The official answer from school is: you need to guess the first zero. For this, in any order, you set the possible results (in the school actually always x=-2, x=-1, x=0, x=1 or x=2, here even indicated) and see if the result is 0.
For example: f(0)=0^3-3*0^2+4*0+8=8 is not 0 so 0 is not the correct solution, so one continues to try.
f(-1)=(-1)^3-3*(-1)^2+4*(-1)+8=-1-3-4+8=0 is a zero point.
If you want to know more zero points you expect:
F(x)/(x-zero), i.e. divided in writing
(x^3-3x^2+4x+8)/(x-(-1)=
(x^3-3x^2+4x+8)/(x+1)=x^2-4x+8
-(x^3+x^2)
-(-4x^2-4x)
-(8x+8)
By the way, this is called linear factor decomposition.
(x^2-4x+8)*(x+1)=x^3-3x^2+4x+8
From “x^2-4x+8” one can now theoretically determine the further zeros. Practically, there are complex numbers, so let’s do it.
If you now think of guessing first zero is doof must go differently, well it’s all right: there are approximation procedures like regular falsi or Newton procedures. There you start with guessed values, but the results are then used to determine the next values with which you would argue. That’s how you get closer. Super for computers, in the head or with a simple calculator, this is a senseless pastime. If the calculator has a ANS button, it’s better, but as already mentioned in the school, this is NOT required.
What if the denominator for the zero position -1 in the counter becomes zero? Let us take the denominator: x^2+3x+2. If linear factor decomposition is effected with the denominator, i.e. x^2+3x+2 =(x+1)*(x+2), then f(x) can be converted to ((x^2-4x+8)*(x-(-1)))/(x+2)*(x-(-1)). So (x-(-1)) would shorten away, so nothing contributes to the course of the function. Ergo would not exist. For this, one would have found a simpler way of writing to the zero point of f(x), because f(x) would then be simplified (x^2-4x+8)/(x+2) and would then be expected to continue.
A break is zero if the nenner is 0, at least if the counter is uneven. In doubt simply use and calculate all possibilities
A break is 0 if the counter is equal to zero and the denominator is equal to 0
Hello.
The denominator must not be 0, otherwise the division is invalid. So we can ignore it and we just have to focus on the counter.

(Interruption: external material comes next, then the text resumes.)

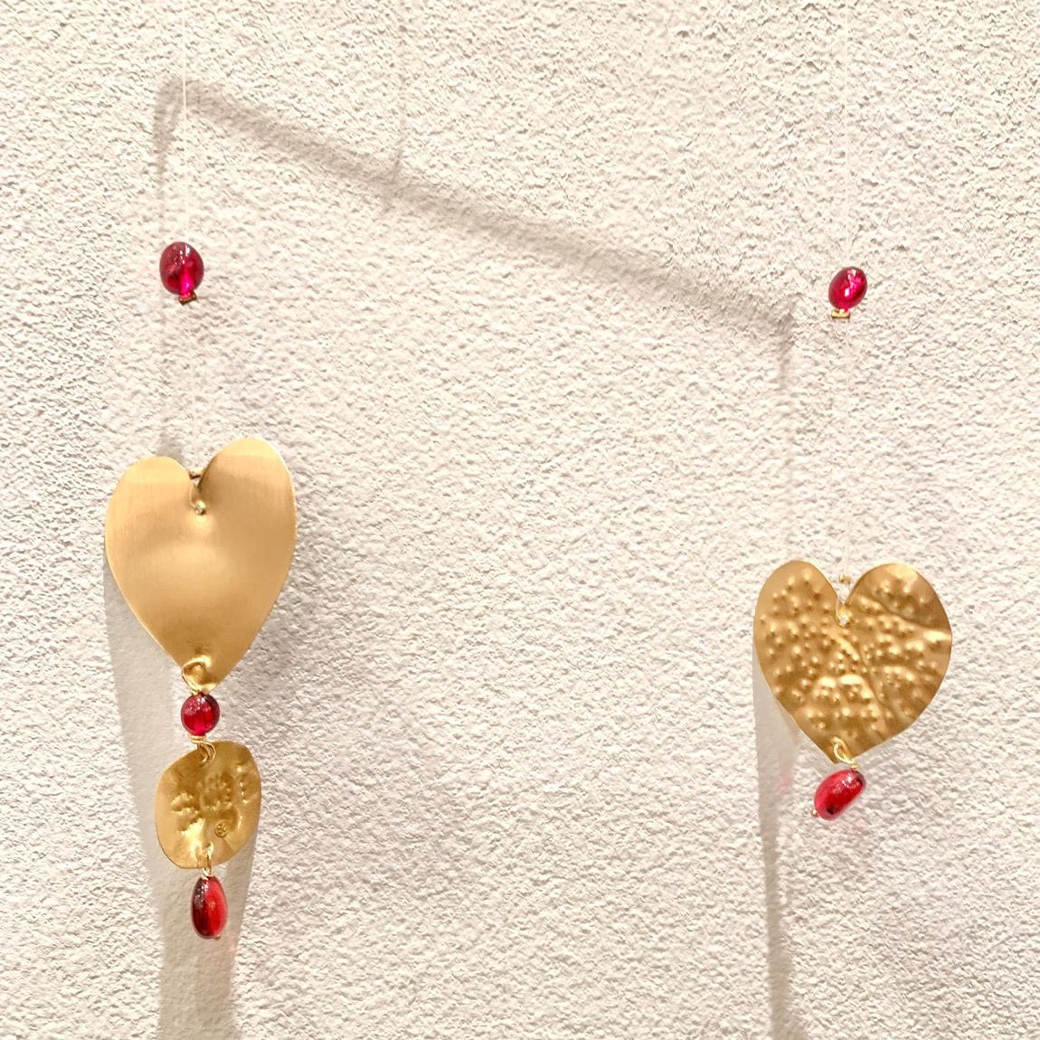 存在感のある真っ赤なレッドアンバーとハートのプレートが可愛らしいモビール。

Otherwise, inserting is the simplest method to find the zero point(s). Although you could do something combinatorial
x3 – 3×2 + 4x + 8 = 0
x3 – 3×2 + 4x = -8
This already shows that we cannot seek a positive number. Because if x was positive, then x3 + 4x > -3×2 would be. But it must be negative (-8). If -1 is the only negative number in the selection, this can only be the correct answer.

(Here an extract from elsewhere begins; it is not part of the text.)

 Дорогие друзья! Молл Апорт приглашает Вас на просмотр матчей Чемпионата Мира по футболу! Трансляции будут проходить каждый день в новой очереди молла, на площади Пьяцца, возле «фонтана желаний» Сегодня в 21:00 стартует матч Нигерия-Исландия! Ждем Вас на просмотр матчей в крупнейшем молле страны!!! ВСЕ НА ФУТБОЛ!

Often it is faster to use. 😉
LG
After this, it is necessary to check whether the denominator is also 0 at the counter zeroing point. Otherwise the break is not 0
Could one do, but then none of the answers would be correct, which one can exclude if one should cross the correct answer. 😉
But yes, if you want to check everything for accuracy, your objection would of course be right!